# Outfitting a shop - one 'Brand', or best for the application



## JHAstrello (Sep 3, 2014)

I purchased my retirement home this year, and have moved out to E. Texas. Along with a great house on the lake, I got my 'dream workshop'. Almost 1900 sq ft (two stories) with the main floor (about 925 sq ft) ready to go with both 110 and 220 wiring/lighting/etc. The previous owner also left me many racks/storage/misc shop areas and a huge work bench (12' x 8'). More on the work bench another time.

Most of my power tools are simply the DIY items and a good selection of standard hand tools. I am going to undertake being a 'chairmaker', and going through the paces of laying out the work space more efficiently, along with power tool selection. I know that these are the tools that I will be looking for (not an exhaustive list - but a good solid starting point):

Band Saw
Table Saw
Jointer
Planer
Dust Collection
Chop Saw
Drill Press
Lathe (although not likely on the 1st list of things to get).

Here is the predicament that I (and I'm guessing others) find them selves in. Do I look for and purchase best or better in class - or do I try to settle on Brand/Customer Service/Quality of a 'Primary Manufacturer', and then the tools I want?

I have been pounding the tool reviews and gotten quite a bit of great information. Looking for some insight into what 'you would do' in this situation. While I do not have all the money in the world to spend, I do tend to 'buy better' anytime that I can. Looking forward to a lively discussion here.

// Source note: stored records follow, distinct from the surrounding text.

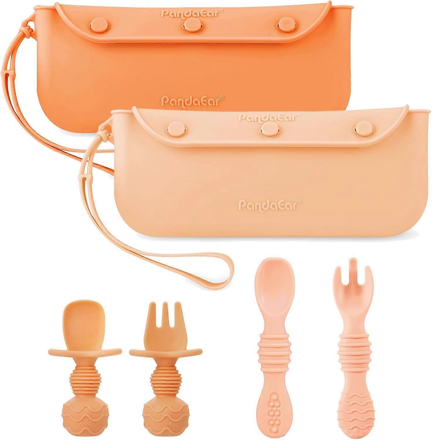 4 Pack Silicone Baby Spoons & Forks with 2 Pack Baby Cutlery Holder Bags, Baby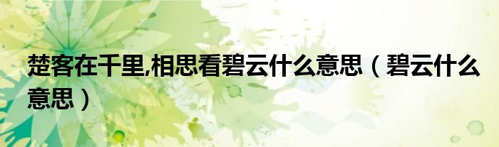 楚客在千里,相思看碧云什么意思(碧云什么意思)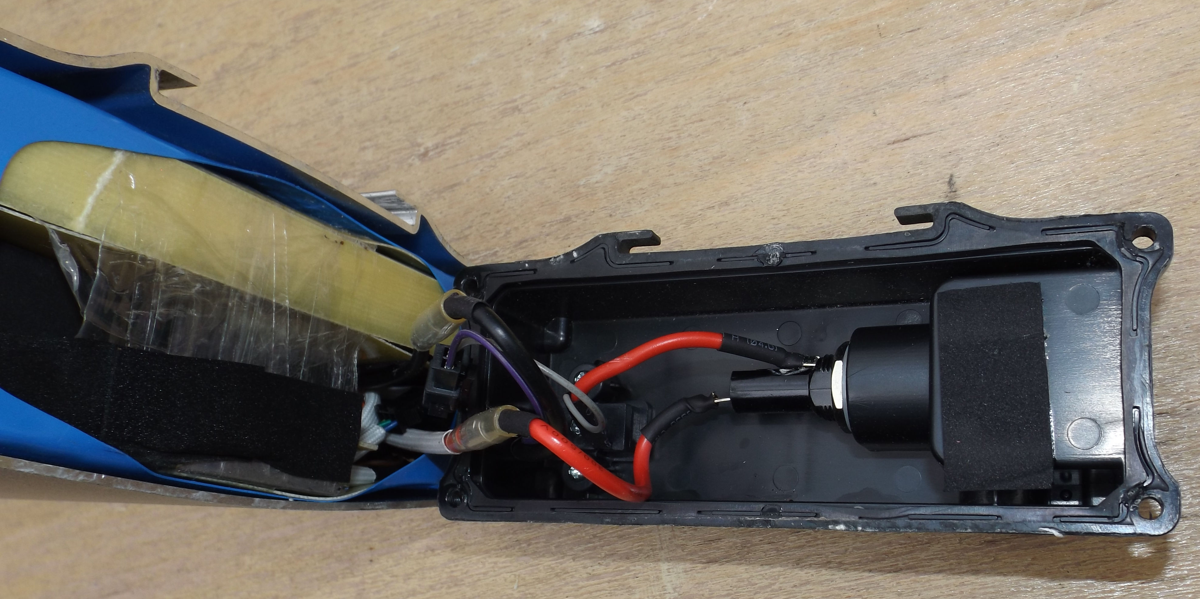 Um aber an das BMS heranzukommen, muß man vorher die beiden schwarzen Blöcke heraus haben. Weil ich nicht wußte, was für eine Elektronik in den schwarzen Dingern ist, war das ein kalkuliertes Risiko. Außerdem: der Akku war sowieso hinüber. Also mit einem Schraubenzieher so lange seitlich drücken, bis der erste schwarzen Klotz aufgibt. Dann noch den zweiten mit der Pertinax-Platine ... und dann sieht es so aus: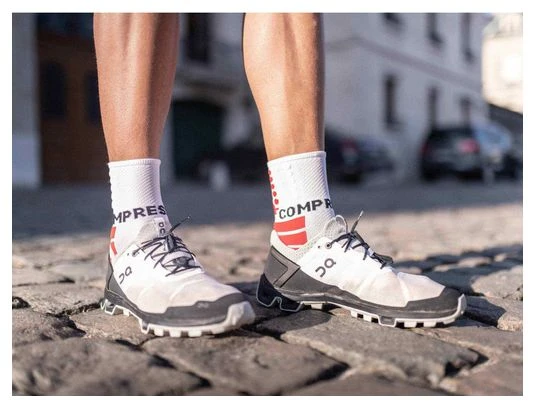 Calcetín multideporte blanco orientado al rendimiento con cojines y almohadillas acolchadas para proteger el pie de los impactos.

Also, if you have a definite preference for Mfg (either better/best or STAY AWAY FROM), I'd appreciate it.


----------



## JayT (May 6, 2012)

The only power tools that require you to think about brand first are cordless, so that you are only using one or two battery systems, not ten. For shop machinery, it all plugs into the same outlets, so buy the best tool in each case that fits* your *needs and budget. Someone else's needs and budget will be different, so they may make different choices and both of you be correct.

You may find that you are repeatedly buying the same brand and that's OK, just don't lock yourself into one and refuse to look elsewhere. The only woodworkers I know with only one brand of machinery are sponsored by those companies.


----------



## DIYaholic (Jan 28, 2011)

The assured quality of a "Brand" is no longer a given. "Brand loyalty" is (should be) a thing of the past. Most tools/machines, regardless of "brand name", are manufactured in the same factory. It is just a matter of quality control and acceptable "defects", that determines the final quality. Tools and machines much be judged individually for its quality, features, price, warranty & customer service. Having access to a local dealer or repair center, should be a consideration for major heavyweight machines, due to shipping costs for repairs.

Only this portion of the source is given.